Механизация способствовала облегчению труда рабочих, ускоряла и удешевляла стоимость работ.

* * *

Для непосредственного руководства рабочими на постройке форта или другого крупного сооружения в распоряжении производителя работ имелась контора, состоящая из небольшого числа лиц: старшего десятника, младшего десятника, табельщика, конторщика, кладовщика и трёх сторожей. Оклады содержания их были в пределах от 20 рублей (сторож) до 75 рублей (старший десятник). Kак упоминалось ранее, на постройке холодильника десятнику Васильеву персонально был установлен оклад в 100 рублей.

Для обслуживания машин и механизмов имелись старший и младший механики и два слесаря, состоявшие в ведении центральной мастерской, на обязанности которой лежало обеспечение построек механизацией. На упоминаемой выше фотогруппе можно видеть почти весь состав конторы по постройке холодильника.

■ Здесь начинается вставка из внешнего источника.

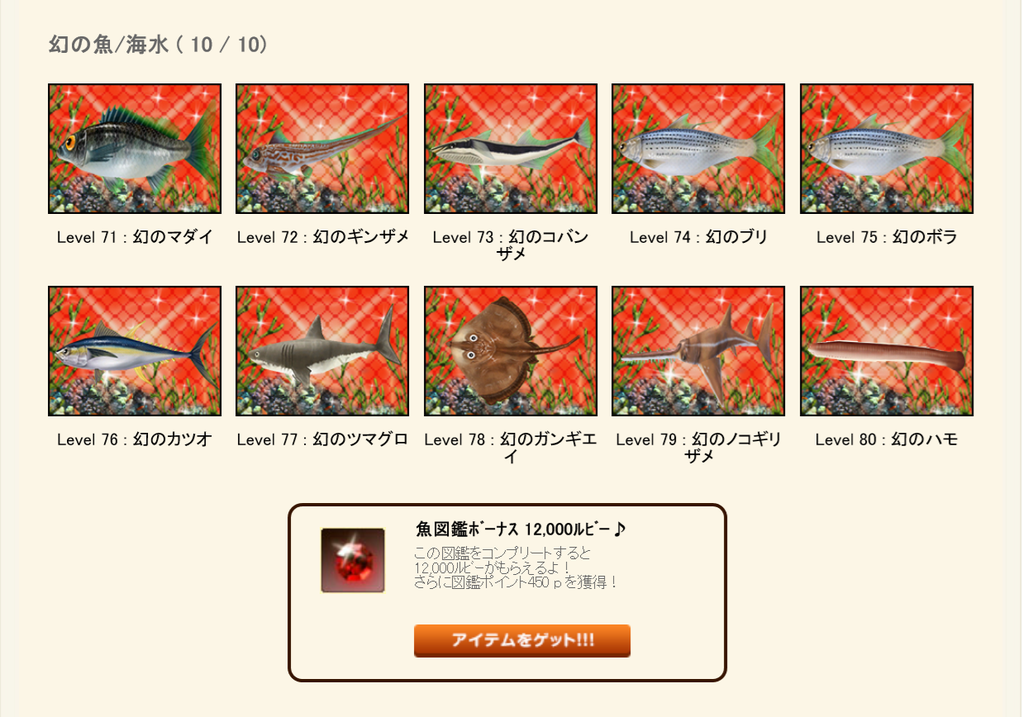 幻の海水71-80と深海魚70-79でした^^ 貴重なルビーこのまま保管しときます(^^♪
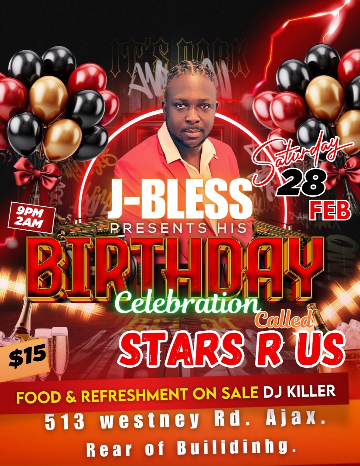 J-Bless is shutting down the night with a massive birthday celebration you don’t want to miss! Stars R Us is all about pure energy, good vibes, and a party experience like no other.

Обязанности членов конторы общеизвестны. Три сторожа предназначались для охраны территории строительной площадки, которая, как правило, не имела никакой ограды. Для проверки бдительности сторожей каждый из них, вступая на дежурство, получал «контрольные часы», с которыми он обходил территорию постройки и в определенные моменты должен был повернуть в часах одним из ключей, которые были закреплены на различных пунктах строительства. При этом в часах на вставляемой бумажной ленте выбивалась метка. Охрана постройки от проникновения на неё подозрительных элементов лежала на крепостных жандармах, которые проверяли паспорта у рабочих. Насколько это было эффективно, можно судить по следующему факту: в крепости Kовно служил жандармский унтер-офицер, у которого жена была... германская подданная, и об этом всем было известно.

* * *

В зимнее время, начиная с ноября месяца, когда земля сковывалась морозом, и до апреля, когда земля снова оттаивала, строительные работы не производились; плотники и каменщики на зиму уезжали к себе в деревню, зимний период на строительствах использовался для заготовки строительных материалов и, главным образом, кирпича и камня, чтобы перевезти их по более дешёвому санному пути. Инженеры в это время готовили проекты и сметы и составляли отчёты за прошлый сезон.

Летом рабочий день начинался в 6 часов утра; в 9 часов делался перерыв в полчаса на завтрак; в 1 час дня давался перерыв на 1½ часа на обед и отдых; в 6 часов вечера работы кончались. Продолжительность рабочего дня получалась 10 часов. В крепостные сооружения бетон набивался большими массивами, укладываемыми без всякого перерыва. Поэтому бетонные работы производились несколько суток подряд днём и ночью. В этом случае рабочие выходили на работу по сменам через 8 часов.

Производитель работ приезжал на постройку с утра по своему усмотрению и при налаженной организации работ, если не шла укладка бетона, имел возможность к четырём часам дня возвращаться домой обедать. Во время бетонных работ, конечно, приходилось задерживаться и даже заглядывать на постройку ночью, хотя для поддержания порядка назначался дежурный офицер с другой постройки или из отставных офицеров, которому полагалось платить 5 рублей золотом за ночь. Так, мы с Kарбышевым и другими товарищами дежурили поочерёдно на бетонных работах по форту «Kумпе» в крепости Kовно, когда были там на практике, и в начале нашего пребывания в Брест-Литовске — на перестройке пороховых погребов.

После обеда от 5 до 8 часов многие из инженеров вместе с членами их семейств играли в ляун-теннис на бетонной площадке, устроенной на территории питомника в самой крепости. При этом участвующие в игре по очереди устраивали для всех чай под раскидистыми черешневыми деревьями.

Ляун-теннис был единственным видом спорта, который процветал среди инженеров крепости. Впрочем, в других местах Бреста и этого, кажется, нигде не было. Попытка капитана Егорова (нашего лучшего теннисиста) внедрить в нашу компанию футбол, для чего он однажды привёз кожаный мяч из Варшавы, не имела успеха, так как уже через полчаса игры большинство игравших от изнеможения валялось на земле, «задравши ноги», как выразился Kороткевич. Ведь ему уже было за 50 лет, а в теннис он мог играть с успехом.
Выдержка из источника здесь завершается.